=== Begin Enclosure ===

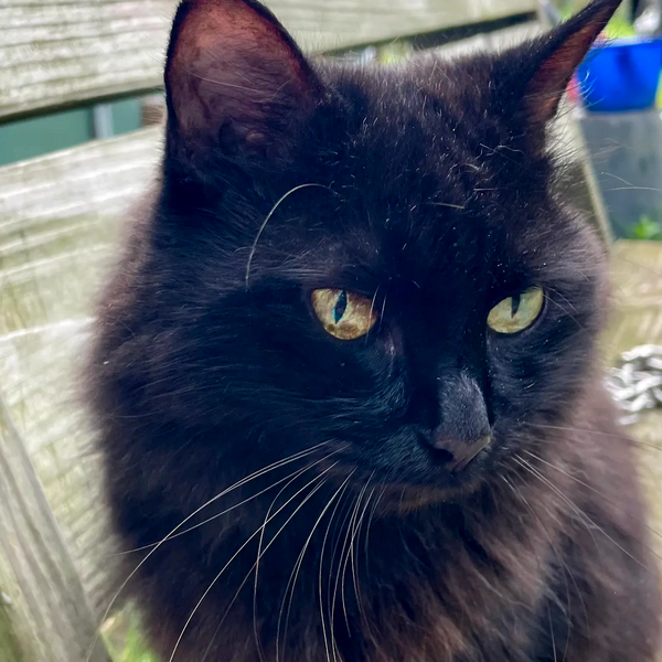 Hebe is our most recent feline addition in April 2025. She is approximately 8 years old. Hebe is a domestic long hair of sorts. She went through 3 homes before finding herself at Blissful Dreams. After about 3 months of transitioning, she is finally adjusting and making BDRR her permanent home.
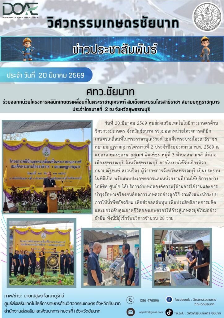 ข่าวประชาสัมพันธ์ศทว.ชัยนาท ร่วมออกหน่วยโครงการคลินิกเกษตรเคลื่อนที่ในพระราชานุเคราะห์ สมเด็จพระบรมโอรสาธิราชฯ สยามมกุฎราชกุมาร ประจำไตรมาสที่ 2 ณ จังหวัดสุพรรณบุรี aepd01 / 23 มีนาคม 2026 วันที่ 20 มีนาคม 256
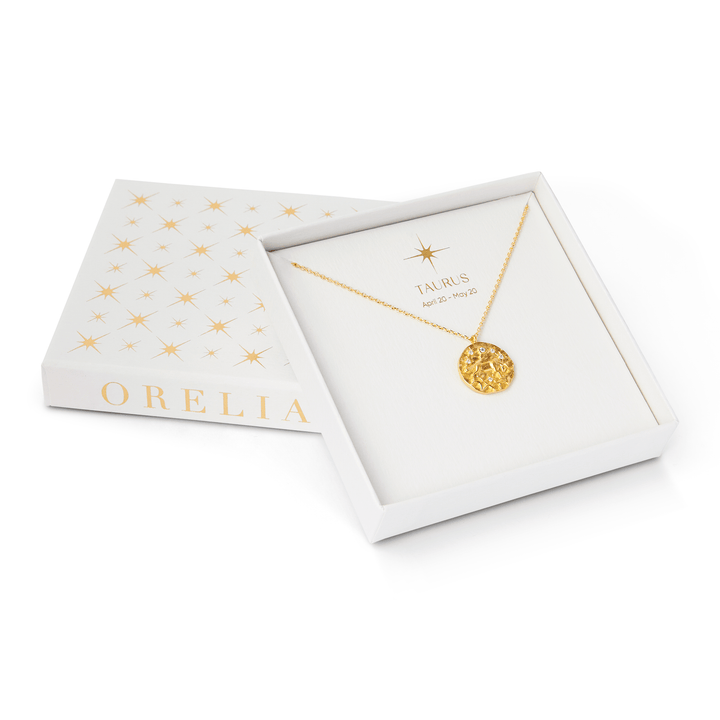 This Taurus Zodiac Necklace by Orelia London is a lovely homage to the grounded and creative spirit of the Bull. The design features a timeless gold chain that holds an intricately engraved disc, adorned with the Taurus symbol and accented by sparkling crystals. This piece beautifully captures the trustworthy and steadfast essence of those born between April 20th and May 20th. It is an ideal accessory for celebrating personal traits and makes for a deeply meaningful and cherished gift.
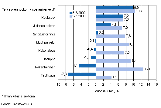 Palkkasumman kasvu hidastui tai palkkasumma laski kaikilla päätoimialoilla touko-heinäkuussa. Voimakkaimmin koko talouden palkkasumman kehitystä jarrutti teollisuuden (- 7,3 %) ja rakentamisen (-4,4 %) palkkasummien lasku. Laskua kertyi myös kaupan ja muiden palveluiden toimialoilla, rahoitustoiminnan palkkasumman ollessa hieman vuoden takaista suurempi. Koulutuspalveluja tarjoavalla yksityisellä sektorilla ja yksityisissä terveyden huolto ja sosiaalipalveluissa yllettiin lähes edellisvuoden kasvulukemiin.
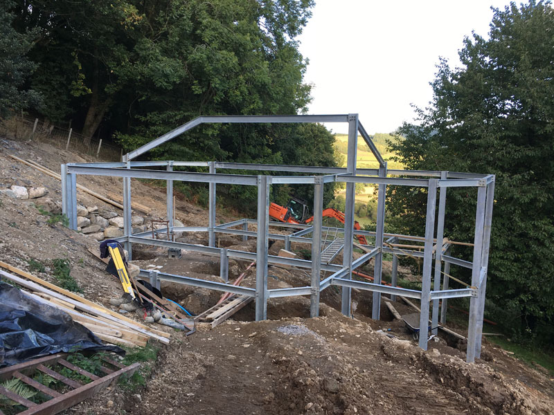 We excavated and installed all utilities, including water, electric, drains, gas and data for a luxury holiday let raised on stilts on a hillside. We constructed and erected a water tower for a sprinkler system, and installed multiple tanks to pump the water from the mains water supply to the property. We installed a 10 person septic tank and drainage field. We excavated for foundations to install steel work to hold the cabin on stilts on a sloping field. We formed a road and hammerhead turning space, and carried out all landscaping around the property. We supplied and installed boulders to retain soil to create disabled access.

=== End Enclosure ===

From the first line through the line with "20 มีนาคม 256", output those lines of the entries above exactly, and nothing else, with the pictures left out.

**Reply to the exercise:**
 Hebe is our most recent feline addition in April 2025. She is approximately 8 years old. Hebe is a domestic long hair of sorts. She went through 3 homes before finding herself at Blissful Dreams. After about 3 months of transitioning, she is finally adjusting and making BDRR her permanent home.
 ข่าวประชาสัมพันธ์ศทว.ชัยนาท ร่วมออกหน่วยโครงการคลินิกเกษตรเคลื่อนที่ในพระราชานุเคราะห์ สมเด็จพระบรมโอรสาธิราชฯ สยามมกุฎราชกุมาร ประจำไตรมาสที่ 2 ณ จังหวัดสุพรรณบุรี aepd01 / 23 มีนาคม 2026 วันที่ 20 มีนาคม 256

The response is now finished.